You're not extracting the supplied $file parameter in the print_file_names() function.
It should be:
sub print_file_names()
{
my $file = shift;
...
}
Your -d test in the outer loop looks wrong too, BTW. You're saying next if -d ... which means that it'll skip the inner loop for directories, which appears to be the complete opposite of what you require. The only reason it's working at all is because you're testing $file which is only the filename relative to the path, and not the full path name.
Note also:
Perl on Windows copes fine with / as a path separator
Set your parent directory once, and then derive other paths from that
Use opendir($scalar, $path) instead of opendir(DIR, $path)

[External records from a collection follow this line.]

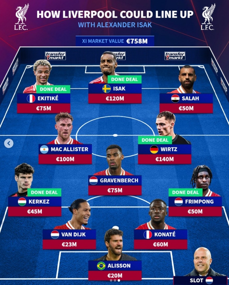 你的位置:全运会足球直播 > 法甲联赛 > 德转瞻望利物浦主力阵:伊萨克&维尔茨领衔5大新援,总身价7.58亿
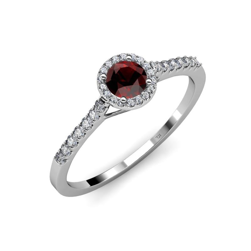 Express your desire to Grow old with her with this 0.99 ct tw Halo Engagement Ring with Center Red Garnet embraced by halo of Diamonds which adds beauty to it.
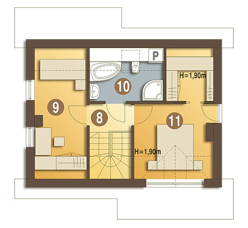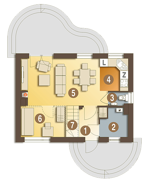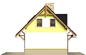 Mały, urokliwy domek dla 3-4 osobowej rodziny. Może z powodzeniem pełnić rolę domu całorocznego jak i letniskowego. Na niewielkiej powierzchni mieści, w bardzo funkcjonalnym układzie, wszystkie potrzebne pomieszczenia. Wiatrołąp posiada miejsce na szafę wnękową oraz możliwość wykorzystania miejsca pod niższym biegiem schodów np. na szuflady. Pom. gospodarcze pomieści piec gazowy oraz niezbędne w każdym domu sprzęty i urządzenia. Strefę ogólnodostępną parteru zaprojektowano w taki sposób, aby uzyskać jak najwiekszą przestrzeń, z tego powodu zaproponowano otwartą kuchnię i jednoprzestrzenny salon z jadalnią, a także zadbano o to, aby dostępny z salonu dodatkowy pokój, był wydzielony jedynie za pomocą ścianki działowej, prostej do likwidacji. Na poddaszu zaprojektowano dwie sypialnie: jedną niewielką ale ustawną, drugą większą z wewnętrzną garderobą oraz dość dużą łazienkę. W wersji z garażem poddasze powiększono o jeszcze jedną sypialnię.fundamenty: BETONOWE ściany zewnętrzne: POROTHERM+STYROPIAN TERMO ORGANIKA rodzaj stropu: TERIVA I elewacje: TYNK STRUKTURALNY pokrycie dachu: DACHÓWKA CEM. lub CER.
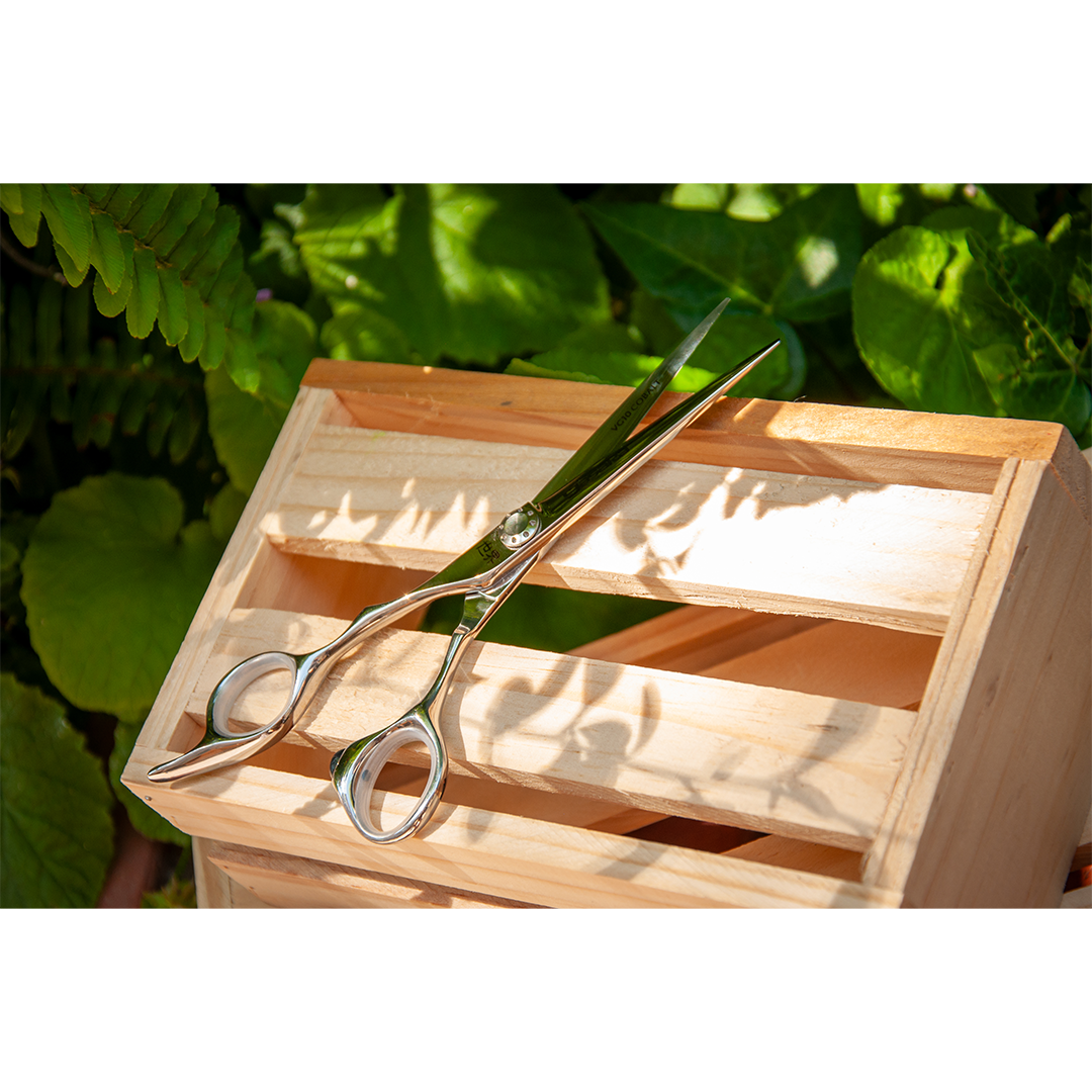 La Tijera de cabello con filo de navaja Yasaka Fuyu diseñada específicamente para satisfacer las necesidades de los usuarios zurdos.
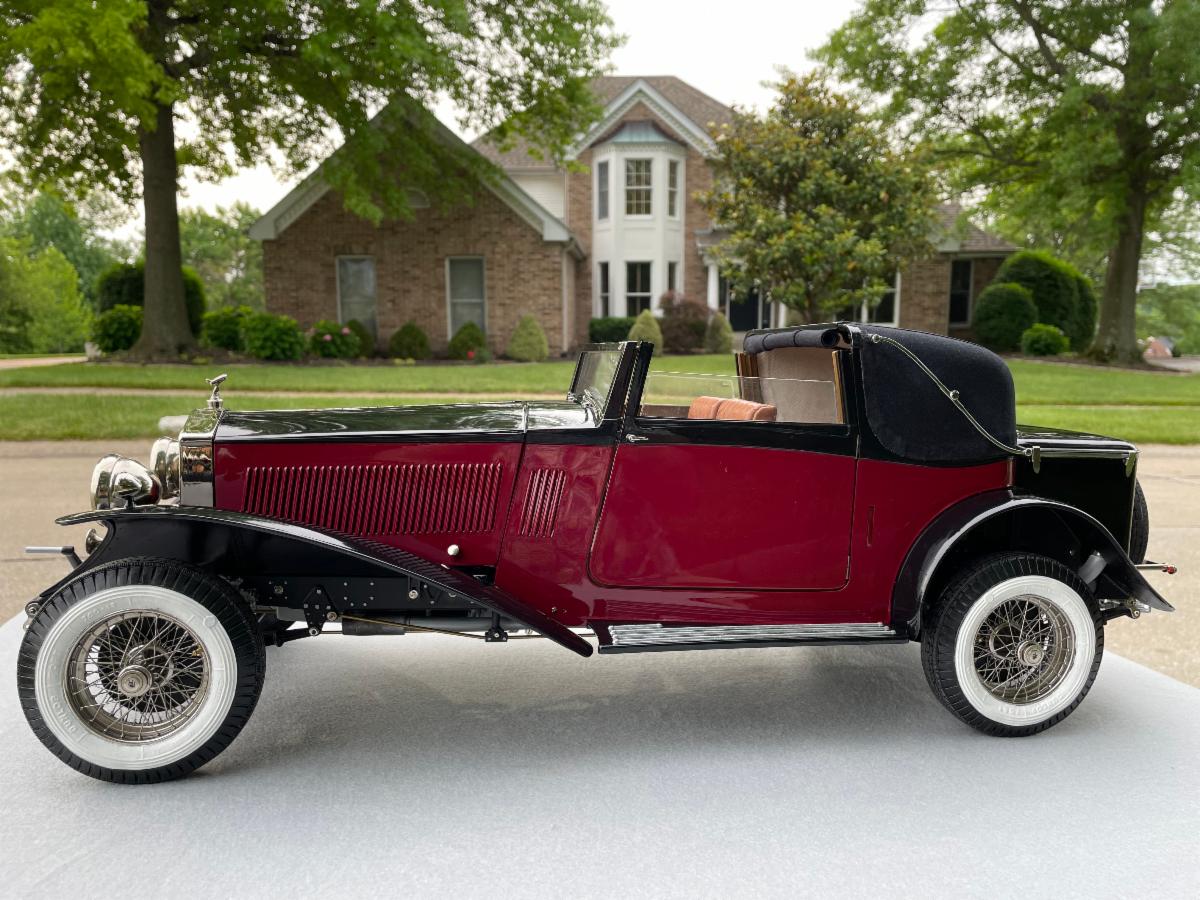 When it first appeared in US hobby shops, the Pocher 1932 Rolls-Royce Phantom II Drop Head Sedanca Coupe was the bee’s knees. The box top illustration of the glamorous couple shown in the rear seat, behind the chauffeur in his natty cap and uniform, can transport some of us to our magical memories of first seeing this huge box on the hobby shop counter. And it was surely on the counter, because at this cost, the hobby shop owner was going to make sure that as many customers as possible would be exposed to the wonderment of the latest Pocher masterpiece. The clever packaging, with the kit itself safely sealed away from prying fingers and the instruction manual trapped between the outer cover and this inner sanctum of delightfulness—safe but easily accessible—and the whole kit and kaboodle certified with a serial-numbered seal. How can a kit offer more fun than this?

nb: untested code follows:
use strict;
use warnings;
use FileHandle;
my $parent = "D:/PERL/perl_programes/parent_directory";
my ($par_dir, $sub_dir);
opendir($par_dir, $parent);
while (my $sub_folders = readdir($par_dir)) {
next if ($sub_folders =~ /^..?$/); # skip . and ..
my $path = $parent . '/' . $sub_folders;
next unless (-d $path); # skip anything that isn't a directory
opendir($sub_dir, $path);
while (my $file = readdir($sub_dir)) {
next unless $file =~ /\.html?$/i;
my $full_path = $path . '/' . $file;
print_file_names($full_path);
}
closedir($sub_dir);
}
closedir($par_dir);
sub print_file_names()
{
my $file = shift;
my $fh1 = FileHandle->new($file)
or die "ERROR: $!"; #ERROR HERE
print("$file\n");
}
Please start putting:
use strict;
use warnings;
at the top of all your scripts, it will help you avoid problems like this and make your code much more readable.
You can read more about it here: Perlmonks
You are going to need to change the entire code to make it robust:
#!/usr/bin/perl
use strict;
use warnings;
use File::Find;
my $top = $ENV{TEMP};
find( { wanted => \&wanted, no_chdir=> 1 }, $top );
sub wanted {
return unless -f and /\.html$/i;
print $_, "\n";
}
__END__
Have you considered using
File::Find
Here's one method which does not require to use File::Find:
First open the root directory, and store all the sub-folders' names in an array by using readdir;
Then, use foreach loop. For each sub-folder, open the new directory by linking the root directory and the folder's name. Still use readdir to store the file names in an array.
The last step is to write the codes for processing the files inside this foreach loop.
Special thanks to my teacher who has given me this idea :) It really worked well!